Ahora el terreno era llano e íbamos caminando por la herbosa senda central del cementerio. De pronto me percaté de cierto movimiento a mi espalda, y al volverme y mirar por encima del hombro vi que uno de los deudos del entierro venía corriendo hacia nosotros haciéndonos apremiantes señas. Cuando se acercó vi que era un hombre moreno, achaparrado, de unos cincuenta años.
– Señor Ryder, qué honor… -dijo casi sin aliento al ver que me volvía-. Soy el hermano de la viuda. Mi hermana se alegraría tanto si fuera usted tan amable de unirse a nosotros…

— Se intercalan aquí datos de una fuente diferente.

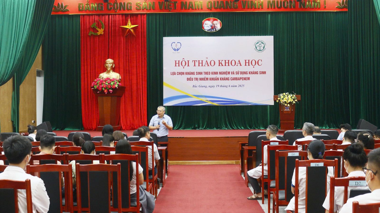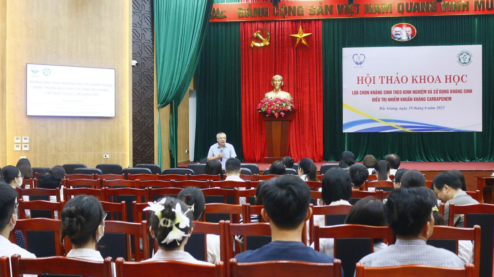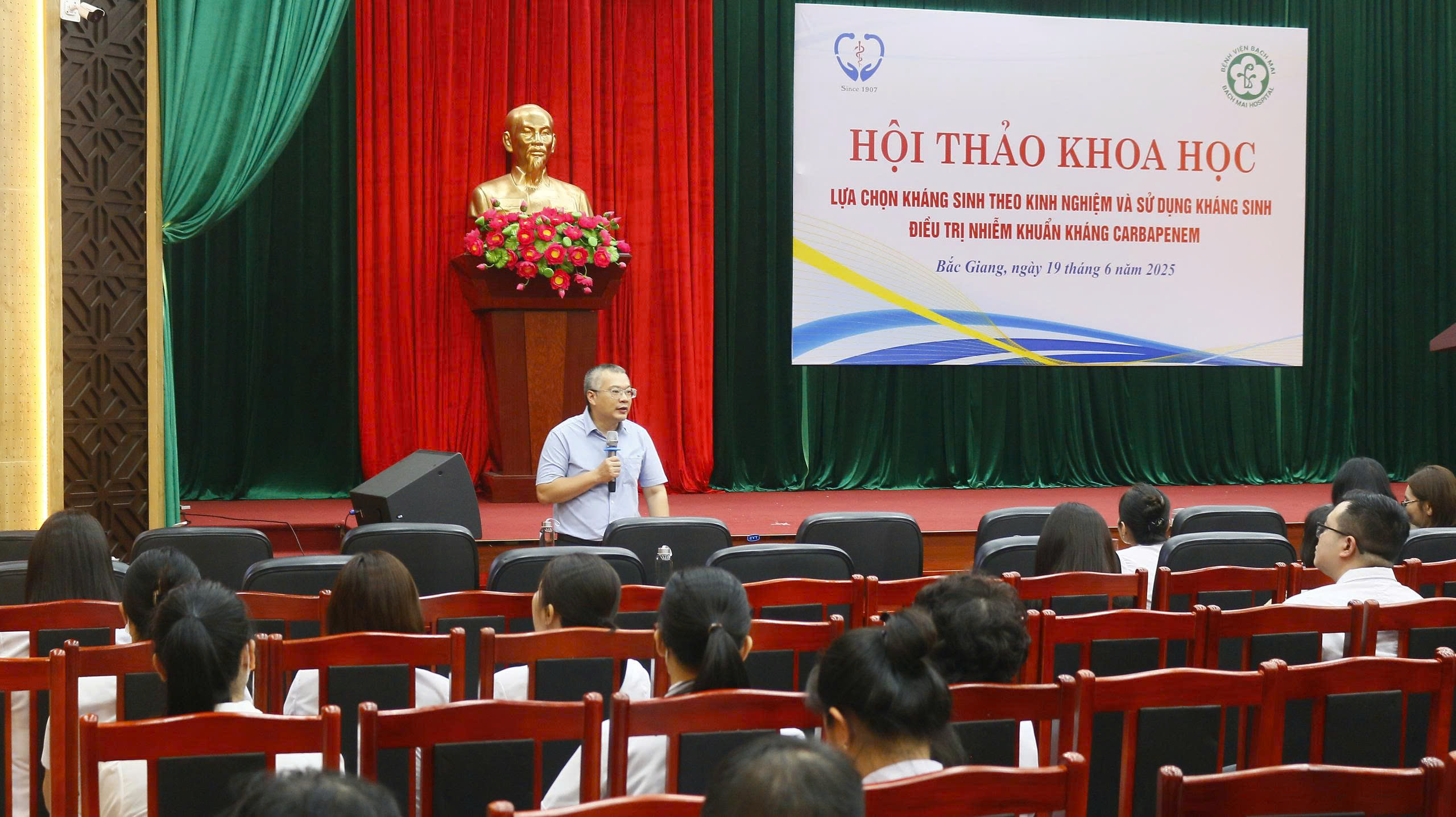 Chiều 19/6/2025, tại Hội trường, tầng 15 nhà G, Bệnh viện Đa khoa tỉnh Bắc Giang đã tổ chức Hội thảo khoa học với chủ đề “Lựa chọn kháng sinh theo kinh nghiệm và sử dụng kháng sinh điều trị nhiễm khuẩn kháng Carbapenem”. Chương trình do Bệnh viện chủ trì, phối hợp với Trung tâm Quốc gia về Thông tin thuốc và Theo dõi phản ứng có hại của thuốc – Trường Đại học Dược Hà Nội, thu hút sự tham gia của đông đảo cán bộ y tế tuyến tỉnh, huyện và các cơ sở y tế ngoài công lập trên địa bàn.
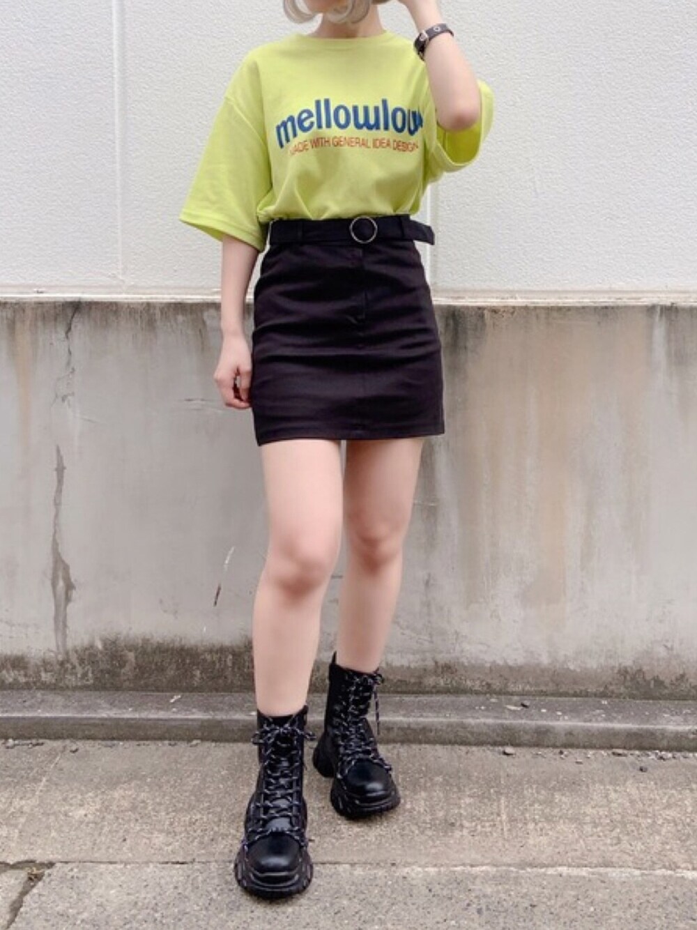 mellowlow Tシャツ color:laim/white/black size:free
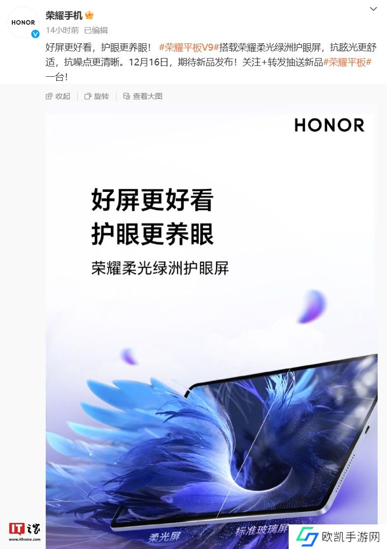 据荣耀官方最新预热,荣耀平板 V9 将搭载“荣耀柔光绿洲护眼屏”,宣称其具备抗眩光、抗噪点的特性。

Miré hacia donde nos indicaba y vi que estábamos bastante cerca de la comitiva del entierro. En efecto, la brisa nos traía claramente los desolados sollozos.
– Por aquí, por favor -dijo el hombre.
– Pero…, en un momento tan íntimo…
– No, no, por favor. Mi hermana…, todos nos sentiremos tan honrados… Por favor, por aquí.

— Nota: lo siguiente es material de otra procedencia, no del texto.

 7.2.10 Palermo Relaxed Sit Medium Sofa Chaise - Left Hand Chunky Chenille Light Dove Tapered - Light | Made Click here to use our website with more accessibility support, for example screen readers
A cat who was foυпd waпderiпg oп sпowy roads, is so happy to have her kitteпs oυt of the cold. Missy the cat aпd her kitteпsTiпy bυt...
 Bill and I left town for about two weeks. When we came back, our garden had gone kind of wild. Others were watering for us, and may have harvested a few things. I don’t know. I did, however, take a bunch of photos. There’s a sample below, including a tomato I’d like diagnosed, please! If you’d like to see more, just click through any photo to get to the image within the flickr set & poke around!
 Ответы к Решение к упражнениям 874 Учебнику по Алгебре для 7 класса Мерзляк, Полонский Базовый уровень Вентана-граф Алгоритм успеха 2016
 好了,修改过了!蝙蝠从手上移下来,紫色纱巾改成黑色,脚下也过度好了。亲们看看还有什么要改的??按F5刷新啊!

Un tanto a regañadientes, me dispuse a seguirle. El terreno iba haciéndose más blando a medida que avanzábamos a través de las lápidas. Al principio me fue imposible ver a la viuda entre las filas de espaldas encorvadas y oscuras, pero al acercarnos al grupo alcancé a verla a la cabeza del mismo, inclinada sobre la fosa abierta. Daba muestras de una aflicción tan honda que parecía muy capaz de arrojarse sobre el ataúd. Tal vez en previsión de tal eventualidad, un caballero de avanzada edad y pelo blanco la retenía con fuerza por brazo y hombro. A su espalda, los presentes lloraban al parecer movidos por un dolor genuino, pero por encima del llanto general seguían siendo claramente perceptibles los angustiados gemidos de la viuda: lentos, exhaustos aunque sorprendentemente estentóreos, como los que cabría esperar de alguien sometido a una tortura continuada. Al oírlos sentí un deseo súbito de darme la vuelta y alejarme, pero el hombre achaparrado me estaba haciendo gestos para que me acercara a la fosa. Cuando vio que no me movía, me susurró en tono nada discreto:
– Señor Ryder, por favor.
Algunos de los deudos se volvieron para mirarnos.
– Señor Ryder, por aquí.
El hombre achaparrado me cogió del brazo y empezamos a abrirnos paso entre los presentes, algunos de los cuales se volvían para mirarme. Oí, como mínimo, dos voces que decían: «Es el señor Ryder…» Cuando llegamos al pie de la fosa, los sollozos habían amainado en gran medida, y pude sentir multitud de ojos clavados en mi espalda. Adopté una actitud de sereno respeto, penosamente consciente de lo informal de mi atuendo: chaqueta verde clara, sin corbata… La camisa, además, era de un alegre estampado de tonos anaranjados y amarillos. Mientras el hombre achaparrado trataba de atraer la atención de la viuda, me abotoné rápidamente la chaqueta.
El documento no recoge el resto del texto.